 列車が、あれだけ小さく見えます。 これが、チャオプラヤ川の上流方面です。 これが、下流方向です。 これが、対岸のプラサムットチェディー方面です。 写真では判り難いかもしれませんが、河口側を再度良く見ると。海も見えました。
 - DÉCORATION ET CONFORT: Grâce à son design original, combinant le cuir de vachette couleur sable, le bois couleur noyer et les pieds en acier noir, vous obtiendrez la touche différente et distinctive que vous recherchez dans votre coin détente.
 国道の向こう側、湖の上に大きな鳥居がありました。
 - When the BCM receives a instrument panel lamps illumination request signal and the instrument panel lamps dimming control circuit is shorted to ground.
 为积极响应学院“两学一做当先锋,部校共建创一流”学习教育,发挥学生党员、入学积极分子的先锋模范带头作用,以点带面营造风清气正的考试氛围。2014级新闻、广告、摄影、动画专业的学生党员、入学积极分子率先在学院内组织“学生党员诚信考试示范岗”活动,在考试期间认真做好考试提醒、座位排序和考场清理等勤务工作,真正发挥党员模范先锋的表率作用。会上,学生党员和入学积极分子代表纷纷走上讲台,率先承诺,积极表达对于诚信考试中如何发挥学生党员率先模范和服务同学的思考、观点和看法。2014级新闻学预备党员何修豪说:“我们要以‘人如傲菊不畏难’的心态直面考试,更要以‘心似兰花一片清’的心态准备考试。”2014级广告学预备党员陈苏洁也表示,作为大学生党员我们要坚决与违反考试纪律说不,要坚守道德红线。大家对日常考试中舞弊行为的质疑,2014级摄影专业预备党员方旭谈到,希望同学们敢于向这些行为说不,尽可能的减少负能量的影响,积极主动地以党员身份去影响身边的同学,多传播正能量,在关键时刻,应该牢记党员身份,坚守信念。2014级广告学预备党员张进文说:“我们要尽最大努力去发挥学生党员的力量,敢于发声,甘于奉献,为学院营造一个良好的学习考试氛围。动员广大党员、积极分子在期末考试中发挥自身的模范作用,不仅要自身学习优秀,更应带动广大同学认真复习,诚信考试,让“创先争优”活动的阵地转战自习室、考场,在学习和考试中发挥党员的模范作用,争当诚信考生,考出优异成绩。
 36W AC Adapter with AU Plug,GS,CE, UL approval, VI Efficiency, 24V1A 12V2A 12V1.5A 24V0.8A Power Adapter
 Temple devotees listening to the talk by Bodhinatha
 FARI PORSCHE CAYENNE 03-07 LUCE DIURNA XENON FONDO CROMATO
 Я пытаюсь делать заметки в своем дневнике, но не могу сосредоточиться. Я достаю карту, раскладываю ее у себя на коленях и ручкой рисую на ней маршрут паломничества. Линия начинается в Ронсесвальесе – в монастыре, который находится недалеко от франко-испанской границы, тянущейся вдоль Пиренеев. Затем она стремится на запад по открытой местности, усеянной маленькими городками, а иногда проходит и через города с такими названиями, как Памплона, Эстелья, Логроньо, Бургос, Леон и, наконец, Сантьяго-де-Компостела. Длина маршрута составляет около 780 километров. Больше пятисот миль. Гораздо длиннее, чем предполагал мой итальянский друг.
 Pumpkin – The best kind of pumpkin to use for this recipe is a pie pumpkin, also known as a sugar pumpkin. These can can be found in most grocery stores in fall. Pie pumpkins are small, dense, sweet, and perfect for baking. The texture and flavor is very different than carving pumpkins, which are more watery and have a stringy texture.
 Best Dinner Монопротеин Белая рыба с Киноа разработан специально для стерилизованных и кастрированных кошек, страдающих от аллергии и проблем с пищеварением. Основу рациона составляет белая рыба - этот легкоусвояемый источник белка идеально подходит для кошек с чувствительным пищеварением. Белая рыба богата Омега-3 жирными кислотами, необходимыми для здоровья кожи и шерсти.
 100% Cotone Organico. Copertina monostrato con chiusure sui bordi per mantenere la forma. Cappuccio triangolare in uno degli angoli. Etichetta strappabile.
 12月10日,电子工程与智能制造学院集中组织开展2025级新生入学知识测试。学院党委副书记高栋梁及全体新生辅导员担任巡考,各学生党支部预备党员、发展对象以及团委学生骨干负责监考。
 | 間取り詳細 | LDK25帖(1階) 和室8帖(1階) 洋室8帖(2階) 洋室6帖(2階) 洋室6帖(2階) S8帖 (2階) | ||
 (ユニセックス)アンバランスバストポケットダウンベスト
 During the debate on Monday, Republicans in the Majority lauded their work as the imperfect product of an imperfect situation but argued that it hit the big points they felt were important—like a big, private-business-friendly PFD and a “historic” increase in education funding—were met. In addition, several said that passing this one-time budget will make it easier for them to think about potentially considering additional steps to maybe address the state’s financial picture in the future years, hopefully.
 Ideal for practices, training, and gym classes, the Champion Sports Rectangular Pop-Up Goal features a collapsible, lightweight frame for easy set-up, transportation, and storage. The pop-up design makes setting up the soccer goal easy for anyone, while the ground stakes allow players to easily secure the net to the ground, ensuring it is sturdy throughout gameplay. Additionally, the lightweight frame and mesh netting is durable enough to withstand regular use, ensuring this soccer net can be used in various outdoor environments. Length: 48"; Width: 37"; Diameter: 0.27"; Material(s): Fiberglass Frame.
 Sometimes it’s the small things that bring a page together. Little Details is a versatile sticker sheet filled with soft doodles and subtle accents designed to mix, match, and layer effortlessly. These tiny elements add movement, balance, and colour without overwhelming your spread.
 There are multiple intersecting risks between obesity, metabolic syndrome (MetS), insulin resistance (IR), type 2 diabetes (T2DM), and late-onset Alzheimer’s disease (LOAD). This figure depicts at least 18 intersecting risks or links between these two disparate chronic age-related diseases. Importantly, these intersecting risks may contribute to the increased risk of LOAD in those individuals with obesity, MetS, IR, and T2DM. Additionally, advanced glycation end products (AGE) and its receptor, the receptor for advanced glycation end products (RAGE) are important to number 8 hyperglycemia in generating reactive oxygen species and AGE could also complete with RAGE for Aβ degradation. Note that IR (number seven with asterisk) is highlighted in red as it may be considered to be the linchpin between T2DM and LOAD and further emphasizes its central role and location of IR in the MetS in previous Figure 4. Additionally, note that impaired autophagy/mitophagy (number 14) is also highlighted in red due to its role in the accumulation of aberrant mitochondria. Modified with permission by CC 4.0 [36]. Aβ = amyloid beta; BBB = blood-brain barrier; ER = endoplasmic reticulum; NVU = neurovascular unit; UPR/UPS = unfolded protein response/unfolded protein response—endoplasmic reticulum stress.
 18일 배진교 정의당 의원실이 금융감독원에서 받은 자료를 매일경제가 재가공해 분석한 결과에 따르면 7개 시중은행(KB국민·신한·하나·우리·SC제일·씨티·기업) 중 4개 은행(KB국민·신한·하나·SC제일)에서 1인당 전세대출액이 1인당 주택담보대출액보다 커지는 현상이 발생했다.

Task to carry out:
Look back at the data above. Transcribe exactly the lines starting at the line that contains "S8帖 (2階) | ||" and ending at the line that contains "(ユニセックス)アンバランスバストポケットダウンベスト".

Answer area:
 | 間取り詳細 | LDK25帖(1階) 和室8帖(1階) 洋室8帖(2階) 洋室6帖(2階) 洋室6帖(2階) S8帖 (2階) | ||
 (ユニセックス)アンバランスバストポケットダウンベスト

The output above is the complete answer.